Ensemble Strategies: Three aggregation methods were tested and compared against the performance of a single "average agent":
1. Majority Voting: Hard voting based on the most frequent class prediction.
2. Soft Voting: Aggregation based on the average probability scores across agents.
3. GPTOSS-20B Aggregation: A larger model used to synthesize the outputs of the smaller agents.
Evaluation Metrics:
- Primary: One-vs-Rest (OvR) Area Under the Receiver Operating Characteristic Curve (AUROC).
- Secondary: Accuracy, Sensitivity, Specificity, F1-score, Cohen's Kappa, and One-vs-One (OvO) AUROC.
- Validation: Statistical significance was assessed across both a "balanced" dataset and a "real-world" dataset.

3. Key Contributions

Ensemble MLLM Framework: The paper demonstrates that ensembling multiple smaller, specialized MLLM agents can outperform individual agents and potentially rival traditional deep learning classifiers in medical imaging tasks.
Optimization of Aggregation: It identifies Soft Voting as the superior aggregation strategy for this specific task, outperforming both Majority Voting and larger model aggregation (GPTOSS-20B).
Dual-Functionality: The proposed system addresses the dual need for high diagnostic accuracy and natural language explainability, allowing for direct communication of findings to diverse stakeholders (clinicians and patients).
Privacy-Preserving Architecture: The system is designed to support near real-time decision-making while maintaining privacy, making it suitable for integration into emergency department workflows.

4. Results

The experimental results indicated that the Soft Voting ensemble strategy significantly outperformed the baseline average agent across both datasets:

OvR AUROC: Showed statistically significant improvements ( $p_{balanced} = 0.0002$ , $p_{real-world} = 0.0003$ ).
Accuracy: Significant gains were observed ( $p_{balanced} = 0.0008$ , $p_{real-world} < 0.0001$ ).
Cohen's Kappa: Improved agreement with ground truth ( $p_{balanced} = 0.0006$ , $p_{real-world} = 0.0054$ ).
OvO AUROC: Enhanced multi-class discrimination ( $p_{balanced} < 0.0001$ , $p_{real-world} = 0.0011$ ).
F1-Score: The balanced dataset showed a superior F1-value ( $p = 0.0028$ ).

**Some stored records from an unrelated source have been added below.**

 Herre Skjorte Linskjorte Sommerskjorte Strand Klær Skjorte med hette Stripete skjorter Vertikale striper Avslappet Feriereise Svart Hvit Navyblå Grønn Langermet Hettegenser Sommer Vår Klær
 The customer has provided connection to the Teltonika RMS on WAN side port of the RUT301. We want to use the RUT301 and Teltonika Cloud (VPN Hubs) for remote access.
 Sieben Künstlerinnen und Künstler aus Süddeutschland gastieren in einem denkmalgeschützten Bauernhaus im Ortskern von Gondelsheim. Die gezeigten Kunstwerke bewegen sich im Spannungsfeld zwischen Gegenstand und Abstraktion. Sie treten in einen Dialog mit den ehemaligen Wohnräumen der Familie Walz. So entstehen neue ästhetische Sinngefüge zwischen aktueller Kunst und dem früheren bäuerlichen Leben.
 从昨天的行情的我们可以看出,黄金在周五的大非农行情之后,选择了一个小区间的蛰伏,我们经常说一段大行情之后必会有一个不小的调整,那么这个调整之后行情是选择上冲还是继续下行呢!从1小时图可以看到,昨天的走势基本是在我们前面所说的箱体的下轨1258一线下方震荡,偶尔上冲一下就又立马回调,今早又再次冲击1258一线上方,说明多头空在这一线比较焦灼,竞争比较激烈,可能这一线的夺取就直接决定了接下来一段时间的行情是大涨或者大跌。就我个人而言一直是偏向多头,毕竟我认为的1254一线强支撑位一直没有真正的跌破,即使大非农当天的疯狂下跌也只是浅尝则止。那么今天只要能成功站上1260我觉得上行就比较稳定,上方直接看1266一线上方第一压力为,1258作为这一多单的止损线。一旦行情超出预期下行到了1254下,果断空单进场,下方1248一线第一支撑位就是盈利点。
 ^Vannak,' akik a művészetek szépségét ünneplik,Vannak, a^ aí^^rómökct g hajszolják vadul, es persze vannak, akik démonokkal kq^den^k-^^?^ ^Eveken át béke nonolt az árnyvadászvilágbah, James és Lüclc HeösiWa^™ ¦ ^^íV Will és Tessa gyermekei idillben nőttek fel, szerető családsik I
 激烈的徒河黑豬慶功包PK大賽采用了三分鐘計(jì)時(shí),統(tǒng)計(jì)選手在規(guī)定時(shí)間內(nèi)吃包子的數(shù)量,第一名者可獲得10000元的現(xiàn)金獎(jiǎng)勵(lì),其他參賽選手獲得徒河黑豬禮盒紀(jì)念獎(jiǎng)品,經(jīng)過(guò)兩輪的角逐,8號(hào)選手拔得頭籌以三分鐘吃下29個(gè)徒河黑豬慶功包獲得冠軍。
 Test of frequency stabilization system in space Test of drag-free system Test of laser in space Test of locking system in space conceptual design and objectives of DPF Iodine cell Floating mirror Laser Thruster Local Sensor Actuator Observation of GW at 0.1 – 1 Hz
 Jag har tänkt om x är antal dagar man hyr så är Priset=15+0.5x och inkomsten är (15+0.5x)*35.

Notably, the system demonstrated high specificity, which is crucial for triage applications to minimize false positives while effectively flagging high-risk cases.

5. Significance

This research validates that ensemble strategies can unlock the latent potential of MLLMs in medical imaging, overcoming their historical underperformance compared to traditional deep learning models. By achieving high diagnostic accuracy combined with explainable outputs, the system offers a viable solution to radiologist shortages. It has the potential to be integrated into emergency departments to accelerate triage, reduce reporting delays, and improve patient outcomes through early detection of paediatric pneumonia, all while preserving data privacy.